FuzzleTheMintyDog said:


> *It always comes down to bad writing. Unrealistic dialogue, characters having clearly rehearsed speeches and witty back and forth banter. In real life people talk over eachother.  *



I guess I can understand why people don't make their character speak over one another. It would be confusing to watch. x3 

I agree with you about phones and internet in movies though. I don't know why that spoils my immersion, since those things are part of daily life, but I prefer to see people in movies answering friggin *land-line phones*, even though nobody uses those anymore. 

Somebody opening a letter is okay, but somebody opening an email spoils my immersion in the story. Weird.


----------



## Fruitythebeetle (Feb 1, 2019)

again doesn't bother as much as long as it's not over done. then again phones are super dues ex machinas in a tiny convenient place.
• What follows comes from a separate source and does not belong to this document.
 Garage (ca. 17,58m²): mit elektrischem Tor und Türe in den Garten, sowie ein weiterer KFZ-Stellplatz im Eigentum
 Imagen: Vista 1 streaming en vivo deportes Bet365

also, we kinda have old phones we still use. so if folks on tv use them i'm not that bothered.


----------



## Cyberdragon (Feb 13, 2019)

Anyone hate incredibly stupid jokes? Remember that really long and awkward unfunny scene in Last Jedi where Chewy tries to eat a porg and the live one keeps fussing? If I were Chewy I would have made it seconds purely for not shutting up. Should have been a cutscene to the ship where Han looks up for a second after hearing a crunch or maybe a pew from a gun and the movie would have continued properly. XD


----------



## Asher Grey (Feb 13, 2019)

It might be just me, but laugh-tracks. Especially overused ones. I could never get into the big bang theory because character A says something, laugh track. Character B tilts their head at the statement, laugh track. Zooms out to get both characters in the frame, laugh track.
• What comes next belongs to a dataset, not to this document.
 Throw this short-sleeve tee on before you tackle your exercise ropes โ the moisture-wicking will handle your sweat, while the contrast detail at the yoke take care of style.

I know cinematic comedy isn't generally intended to be the most "immersive" type of media, but it's my favorite genre.


----------



## Asher Grey (Feb 13, 2019)

Fallowfox said:


> I guess I can understand why people don't make their character speak over one another. It would be confusing to watch. x3
> 
> I agree with you about phones and internet in movies though. I don't know why that spoils my immersion, since those things are part of daily life, but I prefer to see people in movies answering friggin *land-line phones*, even though nobody uses those anymore.
> 
> Somebody opening a letter is okay, but somebody opening an email spoils my immersion in the story. Weird.
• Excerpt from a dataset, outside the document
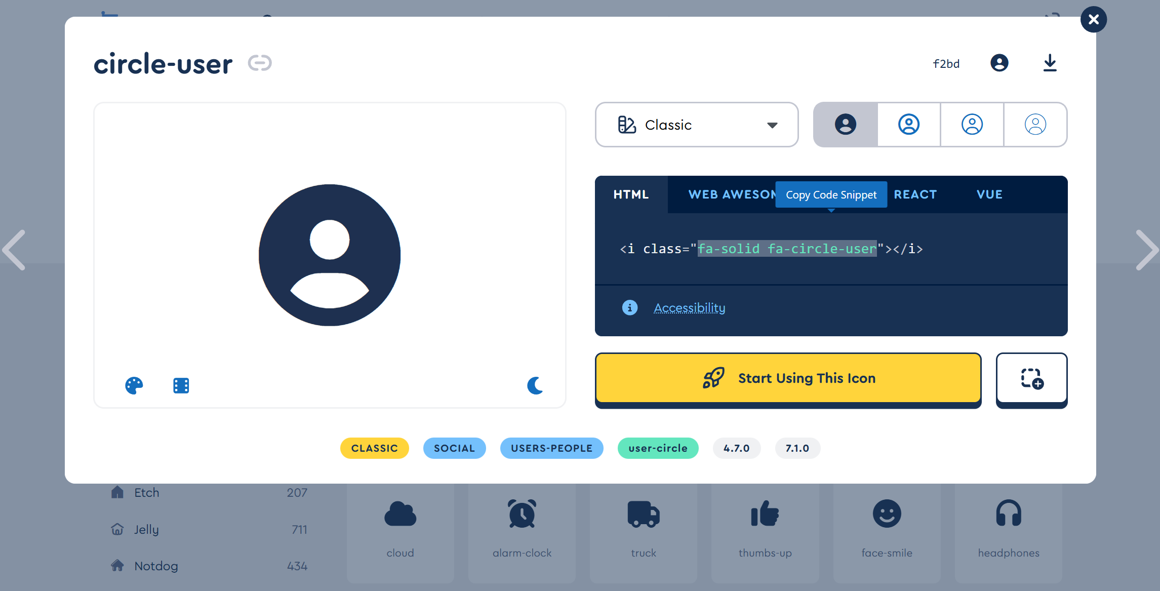 FontAwesome图标名称查询:打开链接:https://fontawesome.com/search,如下图,选择一个图标点击打开,将class=" "引号里面的内容复制出来即可。

And just think, far into the future, people answering smartphones will be a way of showing that it's set in the old days...


----------



## Cyberdragon (Feb 14, 2019)

Asher Grey said:


> It might be just me, but laugh-tracks. Especially overused ones. I could never get into the big bang theory because character A says something, laugh track. Character B tilts their head at the statement, laugh track. Zooms out to get both characters in the frame, laugh track.
> 
> I know cinematic comedy isn't generally intended to be the most "immersive" type of media, but it's my favorite genre.



Laugh tracks have been in use sunce the 50s, just watch Leave it to Beaver and it's the same way. 50% of the audio is fake laughing.


----------



## Keefur (Feb 14, 2019)

I hate it when movies are used to score political points.  Movies are escapism.  I don't want to go to a movie to be reminded about what is politically correct or how to act to keep the environment pristine.  I hear that stuff all the time on the news, etc.  Then the actors use their fame to score even MORE political points which disconnects me from their roles when I see them in other movies.


----------



## Asher Grey (Feb 14, 2019)

Cyberdragon said:


> Laugh tracks have been in use sunce the 50s, just watch Leave it to Beaver and it's the same way. 50% of the audio is fake laughing.


I'm not questioning how long they've been around, though? Only saying it's bothersome. Really not sure what you're trying to convey here, as far as feedback


----------



## Keefur (Feb 14, 2019)

Asher Grey said:


> I'm not questioning how long they've been around, though? Only saying it's bothersome. Really not sure what you're trying to convey here, as far as feedback


Laugh tracks have been around since radio.  Some shows could not realistically be done in front of a live audience, so they were used to simulate one.


----------